Data excerpts

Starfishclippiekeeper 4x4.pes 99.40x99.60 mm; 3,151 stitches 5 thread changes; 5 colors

...

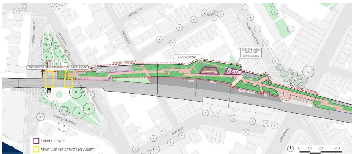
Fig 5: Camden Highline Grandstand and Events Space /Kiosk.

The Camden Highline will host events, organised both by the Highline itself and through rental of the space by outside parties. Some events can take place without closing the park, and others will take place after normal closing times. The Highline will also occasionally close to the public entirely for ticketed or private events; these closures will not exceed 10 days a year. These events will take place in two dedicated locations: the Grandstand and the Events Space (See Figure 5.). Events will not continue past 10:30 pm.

--

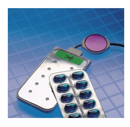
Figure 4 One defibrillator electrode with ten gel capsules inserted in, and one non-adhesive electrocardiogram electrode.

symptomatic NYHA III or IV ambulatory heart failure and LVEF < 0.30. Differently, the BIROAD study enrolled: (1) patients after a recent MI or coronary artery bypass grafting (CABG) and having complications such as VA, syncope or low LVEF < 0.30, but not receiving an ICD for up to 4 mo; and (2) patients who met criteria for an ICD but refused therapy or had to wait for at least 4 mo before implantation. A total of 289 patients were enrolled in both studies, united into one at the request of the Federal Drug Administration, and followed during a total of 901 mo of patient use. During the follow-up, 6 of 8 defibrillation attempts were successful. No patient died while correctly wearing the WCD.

Work instruction
Pull every line containing "Space" out of the records.

Result of the exercise
Fig 5: Camden Highline Grandstand and Events Space /Kiosk.
The Camden Highline will host events, organised both by the Highline itself and through rental of the space by outside parties. Some events can take place without closing the park, and others will take place after normal closing times. The Highline will also occasionally close to the public entirely for ticketed or private events; these closures will not exceed 10 days a year. These events will take place in two dedicated locations: the Grandstand and the Events Space (See Figure 5.). Events will not continue past 10:30 pm.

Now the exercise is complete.